愛媛育ちの僕は大学進学以来、東関東を拠点にしてましたが、結婚を機に静岡県の山の中、南アルプスの麓の川根本町へ移住しました。今の妻に連れられ訪れたこの場所の美しい風景に一目惚れ、どこにいてもできる仕事だということも後押しになり、かつてから憧れていたのんびり田舎暮らしを始めました。

しかしゆったり暮らせると思ったら、おかげさまで仕事に困らず、日々締切に追われています。でも30代は下積みの時だと思い、依頼のあった仕事はできる限りするようにしています。40代ではそこでの経験を活かして財を成し、50代で早期リタイア、その後はオリエンテーリングライフを満喫するぞ!という野望があります。左うちわな生活を送るというのは半分冗談ですが、自給自足的にのんびり暮らすという生活には到達したいですね。

こういったことを仕事にしようと思ったのは、やっぱりオリエンテーリングが大好きで、自分の世界を広げてくれたオリエンテーリングのために何かをしたいという気持ちが強かったことが一番です。それから「日本から世界選手権チャンピオンを」という、かつてみんなで夢見たことを夢で終わらせないための活動を続けていきたいという想いもありました。

自分あるいは同世代の仲間が人生の一部を賭けオリエンテーリングに取り組んだ経験において、常に挙がる課題の1つが将来への不安でした。

オリエンテーリングで世界を獲るんだったらフルタイムで仕事をしている限りはやっぱり厳しい。しかし若い時分にオリエンテーリングにすべてを賭けてしまったら将来やっていけるのか心配だ。なんとかなるとしても、収入面で安定しない状況を、少しの惨めさを、覚悟しなければならない。トップ選手ほどプライドは高かったりもする、周囲の期待もあろう、どこかで一歩踏み込みきれない。

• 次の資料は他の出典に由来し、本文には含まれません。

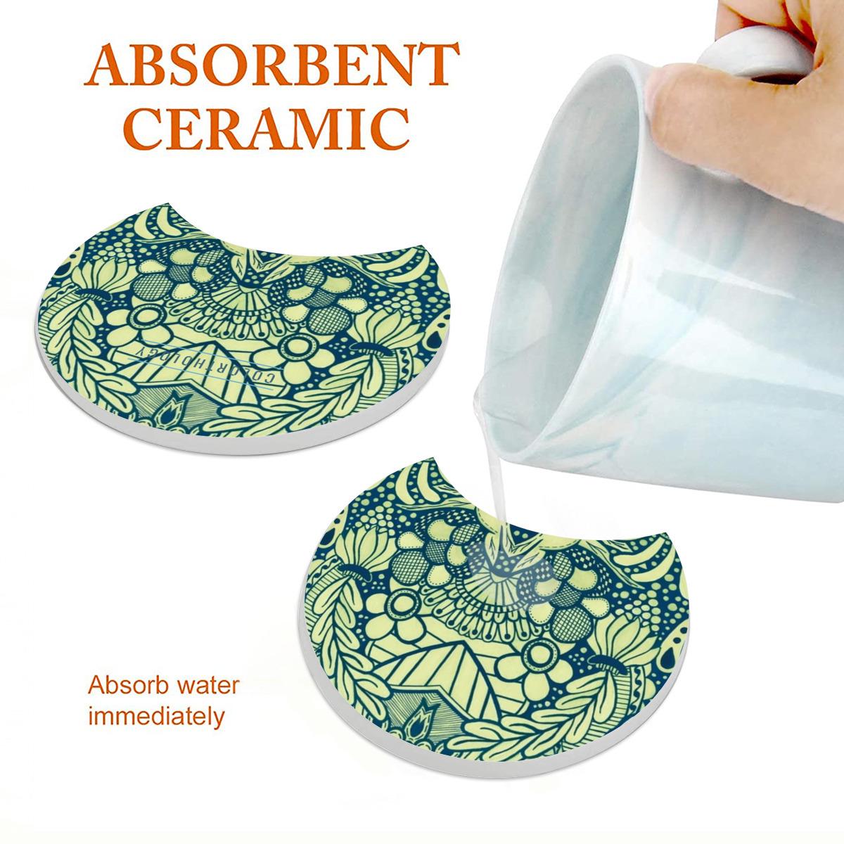 Whether used individually or combined into an expandable trivet, these crescent-shaped ceramic coasters set offer versatile protection for your kitchen and dining areas. The ultimate blend of elegance and functionality and crafted from high-quality absorbent ceramic stone, these coasters are designed to keep your table dry and stain-free from beverage spills. Measuring 4.15 inches in diameter, each coaster is perfectly suited for all types of glasses, mugs, and cups. The anti-abrasion cork backing not only prevents surface scratches but also ensures extra grip to handle any bumps or drops with ease.
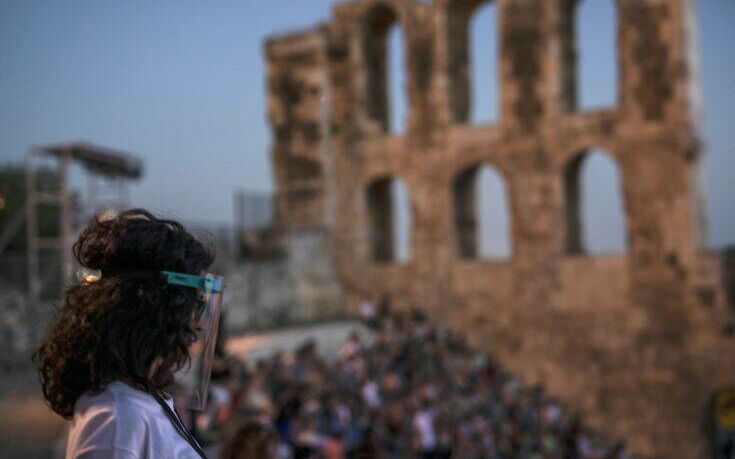 A steward wearing a plastic visor stands at the Odeon of Herodes Atticus in Athens, during a concert ,on Wednesday, July 15, 2020. Seating limits have been imposed at the renovated ancient stone Roman theater, underneath the Acropolis, as part of the restrictions due to the COVID-19 pandemic. (AP Photo/Petros Giannakouris)

いや、本当にチャンピオンになれば仕事は向こうからやって来るし、そんな人ならその過程で仕事を創ることもできる。現実的には北欧に住み、北欧で生計を立てる術を見つけることになろう。だけど、みんながみんな成功するほど甘い世界でもない。失敗を恐れていたら成功しないと成功者ほど語るけど、その後ろには夢破れた人がいることを想像しなくてはいけない。

そんなことをモヤモヤ考えているうちに、トップ選手にしかできないこと、トップ選手だからこそできることを見つけ、それが立派な仕事になれば、険しい道のりを進むサポートになるんじゃないかと考え、今の活動に至ったわけです。

オリエンテーリングにすべての情熱を注いだ人がそのキャリアを終えた後に、人並み以上の生活ができるくらい仕事を作っておく。そして選手として人として僕よりもっと優れた若者にどんどん仕事を任せていく。そうなれば事業を大きくする活動にも力を入れられる。それが理想のカタチです。